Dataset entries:
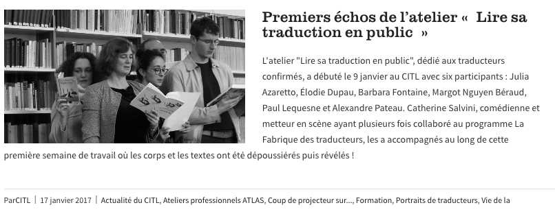 La lecture publique de fin d’atelier, le vendredi 20 janvier à 20h au CITL :
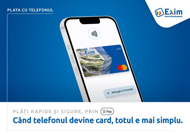 Exim Banca Romaneasca lanseaza platile contactless cu telefonul prin Google Pay
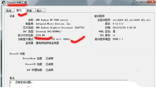 如果要查看DX運(yùn)行是否正常,可以點(diǎn)擊窗口中的“顯示”標(biāo)簽
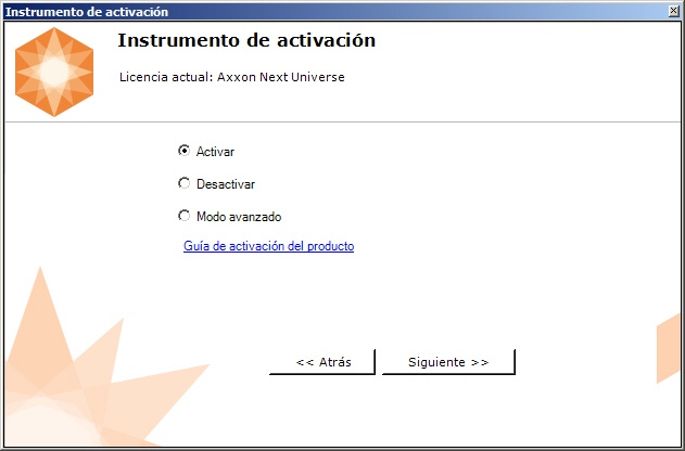 Existen 5 tipos de licencia del VMS Axxon Next: Demo, Free, Start, Professional y Universe. Inmediatamente después del software, éste se iniciará en el modo de demostración. El periodo de trabajo del sistema en el modo de demostración es de 08:00 a 18:00. Para el funcionamiento completo del sistema de seguridad deberá activar el VMS Axxon Next. La activación del software se realizará mediante la distribución de un fichero de licencia en el sistema.
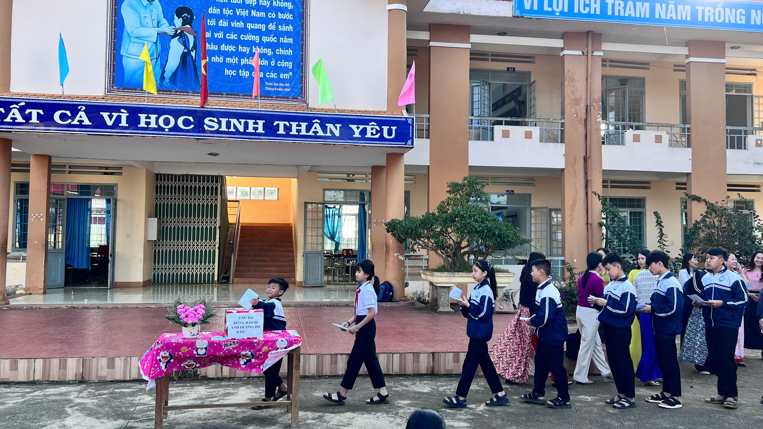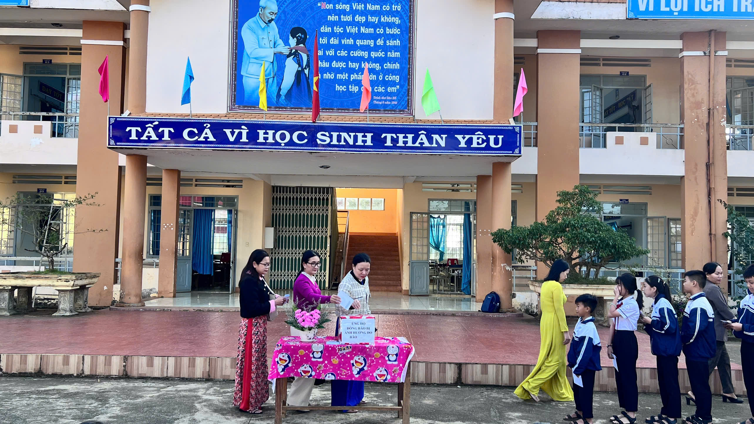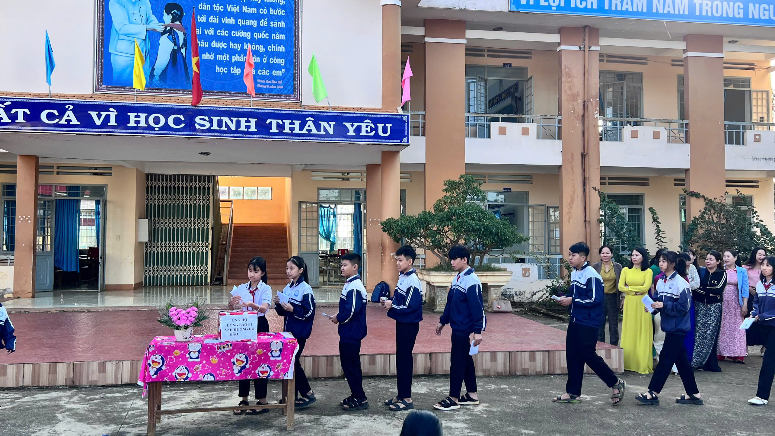 3. Giáo viên và học sinh trường THCS Nguyễn Bỉnh Khiêm chung tay quyên góp ủng hộ vùng lũ lụt
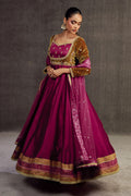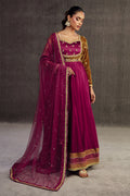 This luxurious article features a crimson colored pishwaas with a mustard green colored bodice which has carefully placed embellished all finished with a block printed daman and an embellished crimson red net dupatta.
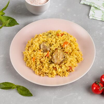 Говядина, окорок cвинoй, рис, яйцо куриное, сыр твердый, масло растительное, соль
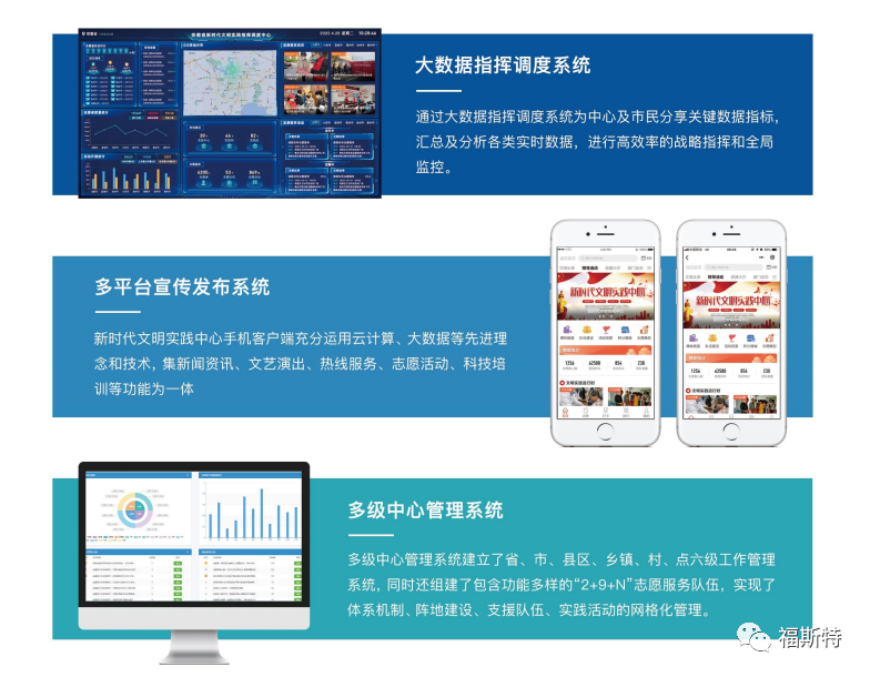 福斯特新時代文明實踐中心云平臺集服務、管理、發(fā)布、展示于一體,推動平臺、終端、和渠道互聯互通,為基層黨的理論宣講、文化建設和為民服務提質增效,為志愿者、受益者與管理者提供了一個安全、快捷、便利、智慧化的新時代文明實踐管理工具
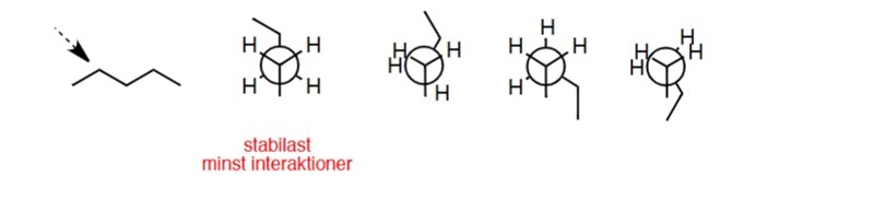 "Titta längs med C2-C3 bindningen hos pentan. Det finns två olika kryssformeroch två olika ekliptiska former. Rita dessa och markera den stabilastekonformationen samt förklara varför den är stabilast."
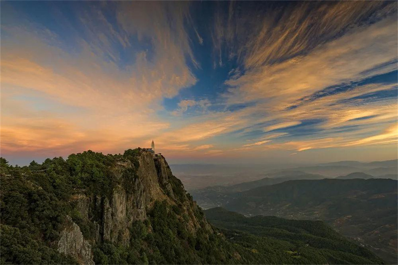 蒙蒙秋雨下,青翠蔥蘢的雞足山云霧繚繞;待秋雨初歇,跌巖起伏的山巒若隱若現(xiàn),勝似仙境;天氣正好時(shí),登臨天柱峰頂,東觀日出、南觀祥云、西觀蒼洱、北觀玉龍雪山,和心中的TA一同奔赴,方不負(fù)這秋日盛景。
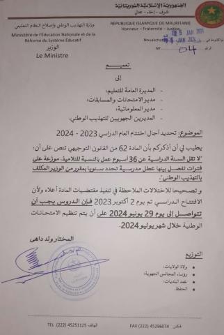 أصدر وزير التهذيب الوطني المختار ولد داهي، تعميما يقضي بتمديد السنة الدراسية شهرا كاملا حتى نهاية يونيو 2024. وحسب التعميم فإن الدروس يجب أن تواصل إلى غاية 29 يونيو 2024، على أن تنظم الامتحانات الوطنية في شهر يوليو. وحسب نص التعميم فإن القرار جاء “تصحيحا للاختلالات في المادة 62 من …
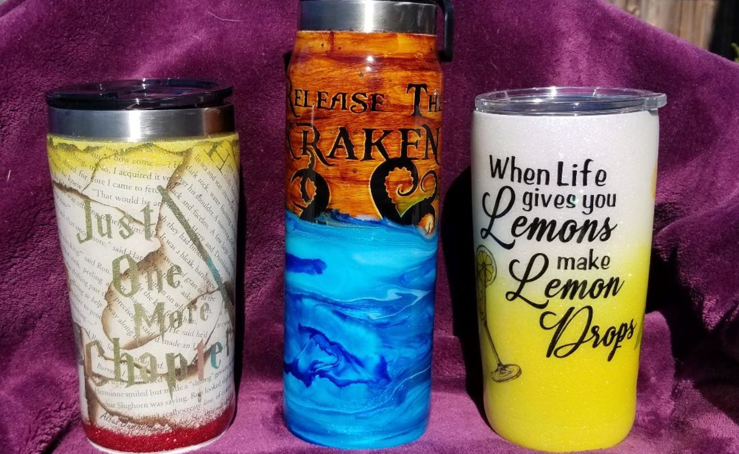 Home crafted goods such as pens, coasters, and tumblers.
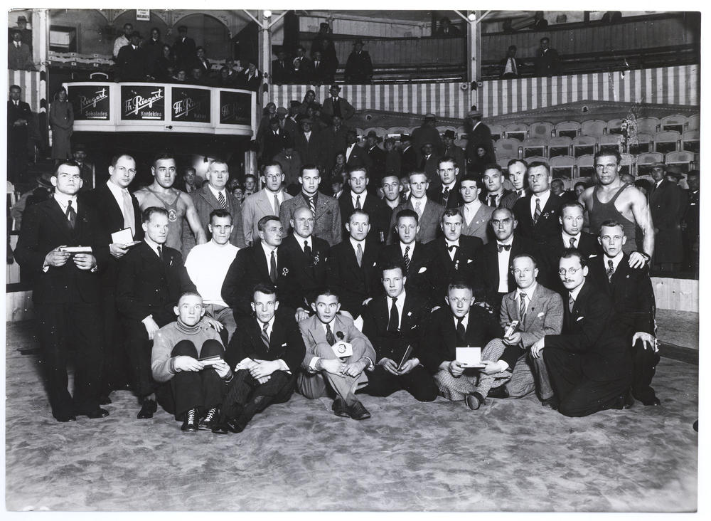 Rīgas 1. atlētikas (atlētu) kluba biedri un citu Latvijas sporta biedrību atlēti Rīgas cirka arēnā pēc sacensībām. No kreisās 2. rindā 8. Kārlis Grauers (?). No kreisās 3. rindā 3. Edvīns Bietags, 14. Rūdolfs Ronis, 15. Alberts Zvejnieks. Pie orķestra ložas redzama T. Riegerta šokolādes fabrikas reklāma.
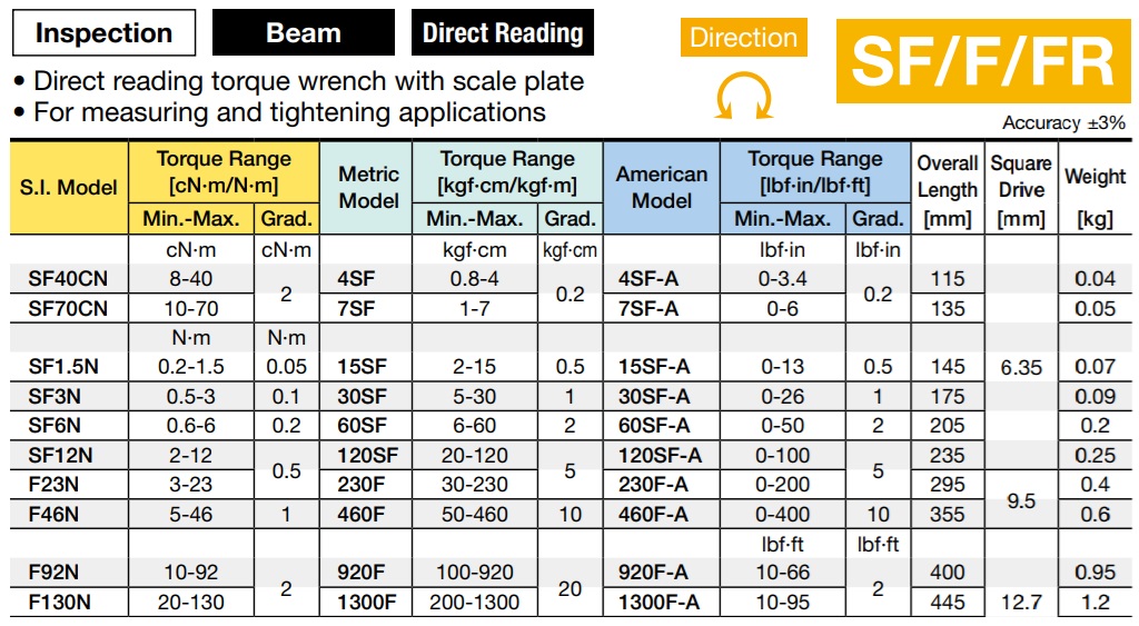 Thông số sản phẩm cờ lê xiết lực Tohnichi dòng SF-F-FR:
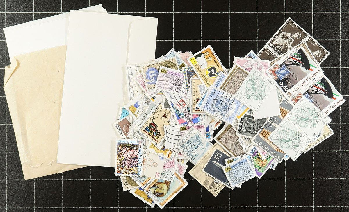 A bundle of assorted stamps and covers. A mint, mounted collection in a springback binder covers 1949-1983. There is a good-sized bag of loose mostly used stamps, both on and off paper. The covers include the usual philatelic offerings, plus some better (silk cachets on FDC, registered covers and more commercial mail than normally seen). The last section is a group from the "Order of Malta" with covers and souvenir sheets, most of the first 60 issues from this non-Scott listed "adjunct" issuer (European catalogue value over €225.00). Not your usual working lot of Vatican. Estimate =

▶ What the exercise asks:
Each record above, in full: return it exactly, pictures excluded.

▶ Solution to the problem:
 La lecture publique de fin d’atelier, le vendredi 20 janvier à 20h au CITL :
 Exim Banca Romaneasca lanseaza platile contactless cu telefonul prin Google Pay
 如果要查看DX運(yùn)行是否正常,可以點(diǎn)擊窗口中的“顯示”標(biāo)簽
 Existen 5 tipos de licencia del VMS Axxon Next: Demo, Free, Start, Professional y Universe. Inmediatamente después del software, éste se iniciará en el modo de demostración. El periodo de trabajo del sistema en el modo de demostración es de 08:00 a 18:00. Para el funcionamiento completo del sistema de seguridad deberá activar el VMS Axxon Next. La activación del software se realizará mediante la distribución de un fichero de licencia en el sistema.
 3. Giáo viên và học sinh trường THCS Nguyễn Bỉnh Khiêm chung tay quyên góp ủng hộ vùng lũ lụt
 This luxurious article features a crimson colored pishwaas with a mustard green colored bodice which has carefully placed embellished all finished with a block printed daman and an embellished crimson red net dupatta.
 Говядина, окорок cвинoй, рис, яйцо куриное, сыр твердый, масло растительное, соль
 福斯特新時代文明實踐中心云平臺集服務、管理、發(fā)布、展示于一體,推動平臺、終端、和渠道互聯互通,為基層黨的理論宣講、文化建設和為民服務提質增效,為志愿者、受益者與管理者提供了一個安全、快捷、便利、智慧化的新時代文明實踐管理工具
 "Titta längs med C2-C3 bindningen hos pentan. Det finns två olika kryssformeroch två olika ekliptiska former. Rita dessa och markera den stabilastekonformationen samt förklara varför den är stabilast."
 蒙蒙秋雨下,青翠蔥蘢的雞足山云霧繚繞;待秋雨初歇,跌巖起伏的山巒若隱若現(xiàn),勝似仙境;天氣正好時(shí),登臨天柱峰頂,東觀日出、南觀祥云、西觀蒼洱、北觀玉龍雪山,和心中的TA一同奔赴,方不負(fù)這秋日盛景。
 أصدر وزير التهذيب الوطني المختار ولد داهي، تعميما يقضي بتمديد السنة الدراسية شهرا كاملا حتى نهاية يونيو 2024. وحسب التعميم فإن الدروس يجب أن تواصل إلى غاية 29 يونيو 2024، على أن تنظم الامتحانات الوطنية في شهر يوليو. وحسب نص التعميم فإن القرار جاء “تصحيحا للاختلالات في المادة 62 من …
 Home crafted goods such as pens, coasters, and tumblers.
 Rīgas 1. atlētikas (atlētu) kluba biedri un citu Latvijas sporta biedrību atlēti Rīgas cirka arēnā pēc sacensībām. No kreisās 2. rindā 8. Kārlis Grauers (?). No kreisās 3. rindā 3. Edvīns Bietags, 14. Rūdolfs Ronis, 15. Alberts Zvejnieks. Pie orķestra ložas redzama T. Riegerta šokolādes fabrikas reklāma.
 Thông số sản phẩm cờ lê xiết lực Tohnichi dòng SF-F-FR:
 A bundle of assorted stamps and covers. A mint, mounted collection in a springback binder covers 1949-1983. There is a good-sized bag of loose mostly used stamps, both on and off paper. The covers include the usual philatelic offerings, plus some better (silk cachets on FDC, registered covers and more commercial mail than normally seen). The last section is a group from the "Order of Malta" with covers and souvenir sheets, most of the first 60 issues from this non-Scott listed "adjunct" issuer (European catalogue value over €225.00). Not your usual working lot of Vatican. Estimate =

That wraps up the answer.